Correct spelling for the English word "Subacute Sclerosing Panencephalitides" is [sˈʌbɐkjˌuːt sklˈɛɹə͡ʊzɪŋ pˈe͡ɪnnsɪfˌalɪtˌa͡ɪdz], [sˈʌbɐkjˌuːt sklˈɛɹəʊzɪŋ pˈeɪnnsɪfˌalɪtˌaɪdz], [s_ˈʌ_b_ɐ_k_j_ˌuː_t s_k_l_ˈɛ_ɹ_əʊ_z_ɪ_ŋ p_ˈeɪ_n_n_s_ɪ_f_ˌa_l_ɪ_t_ˌaɪ_d_z] (IPA phonetic alphabet).
Subacute sclerosing panencephalitis (SSPE) is a rare, chronic, and progressive neurological disorder caused by the persistent infection of the brain with a particular strain of the measles virus. This condition primarily affects children and young adults who have previously had measles infection, usually several years prior to the onset of symptoms.
The characteristic features of SSPE include behavioral and personality changes, cognitive decline, seizures, progressive dementia, myoclonic jerks (brief involuntary muscle contractions), and eventually loss of motor function. These symptoms develop gradually over the course of months to years.
On a cellular level, SSPE is characterized by the destruction and infiltration of the brain's white matter by infected cells and immune system response, leading to the formation of hardened patches (sclerosis). The measles virus is not typically found circulating in the blood or other body fluids of individuals with SSPE, making diagnosis challenging.
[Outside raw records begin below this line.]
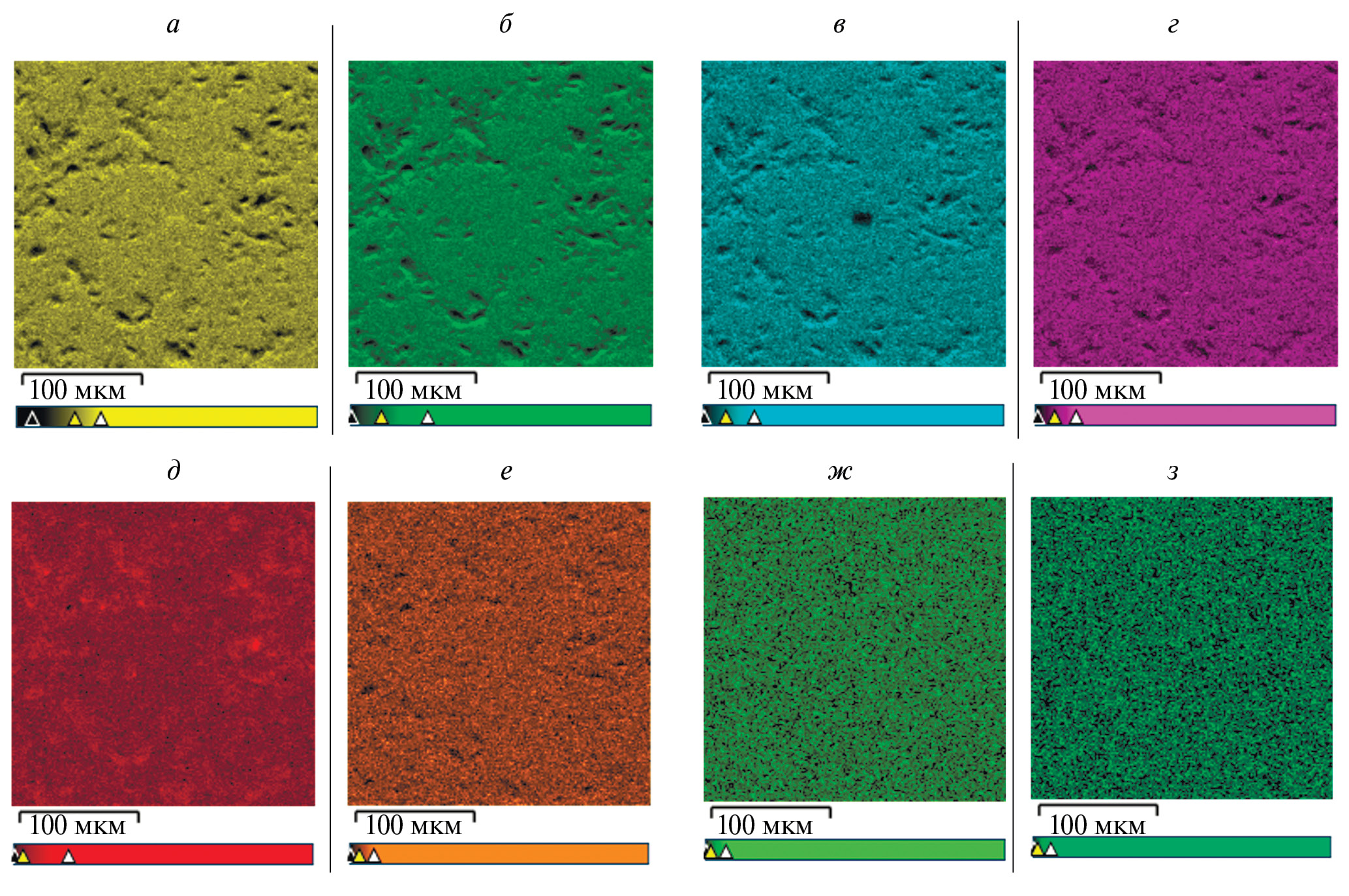 Рис. 2. Распределение элементов в Ce, Gd-содопированном АБС стекле (25Gd/75Ce) по данным сканирующей электронной микроскопии в режиме картирования: (а) Si Kα1, (б) O Kα1, (в) Na Kα1,2, (г) Al Kα1, (д) C Kα1,2, (е) Zr Lα1, (ж) Ce Lα1, (з) Gd Lα1.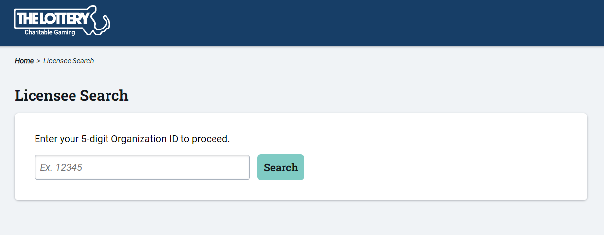 Next, enter your 5-digit or 6-digit Organization ID in order to proceed. Please contact the Charitable Gaming office at (781) 849-5527 if you do not know your Organization ID and they can provide further assistance.
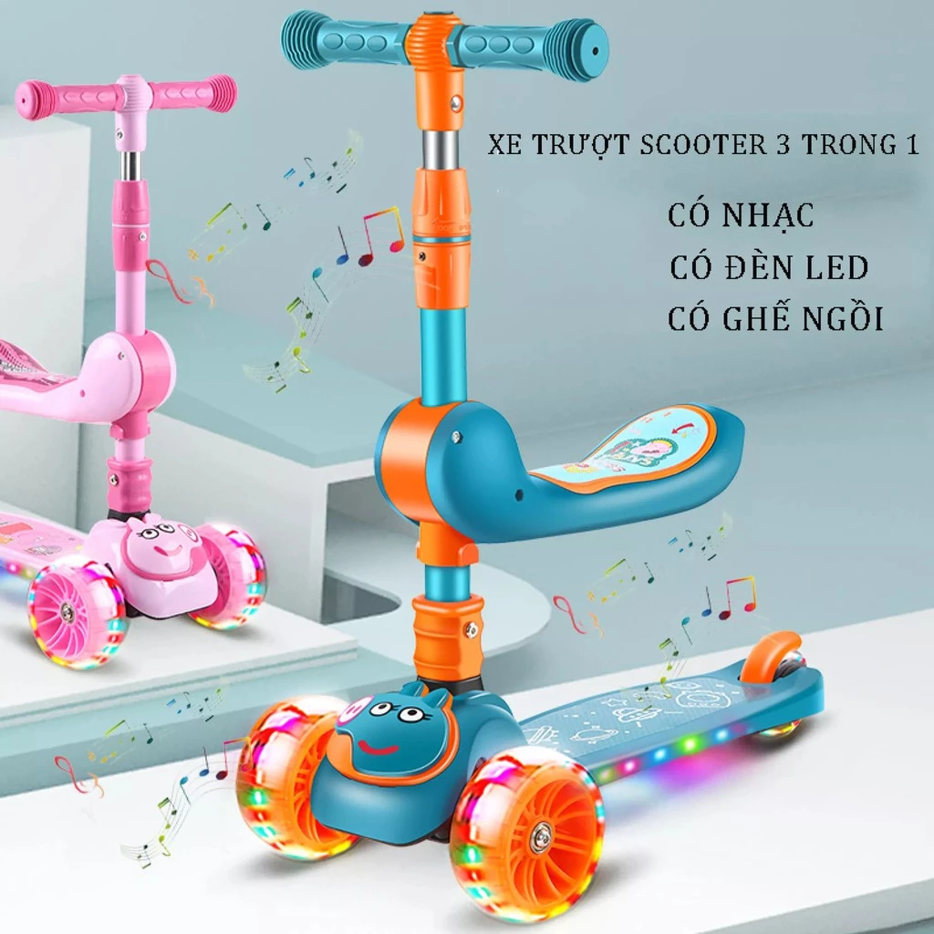 🔥 Xe trượt Scoter 3 bánh đa năng có đèn led phát sáng, có nhạc và ghế ngồi cho trẻ em – Xe thăng bằng có nhạc dành cho bé đang giảm giá!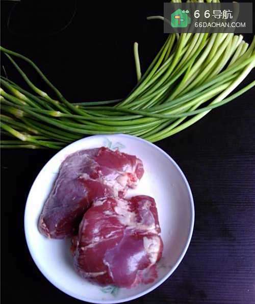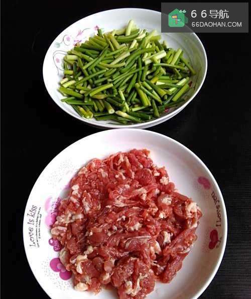 2猪肉洗净切成肉丝,蒜薹洗净切断。

There is currently no cure for SSPE, and treatment is primarily focused on managing symptoms and providing supportive care. Medications such as antiepileptic drugs may be used to control seizures, while physical therapy and assistive devices can help maintain mobility and function. The prognosis for individuals with SSPE is generally poor, with most patients experiencing a progressive decline in neurological function and eventual death, typically within 1 to 3 years from the onset of symptoms. However, some cases may have a more prolonged course of several years.
Prevention of SSPE is dependent on widespread vaccination against measles, as the condition only occurs in individuals who have had previous measles infection.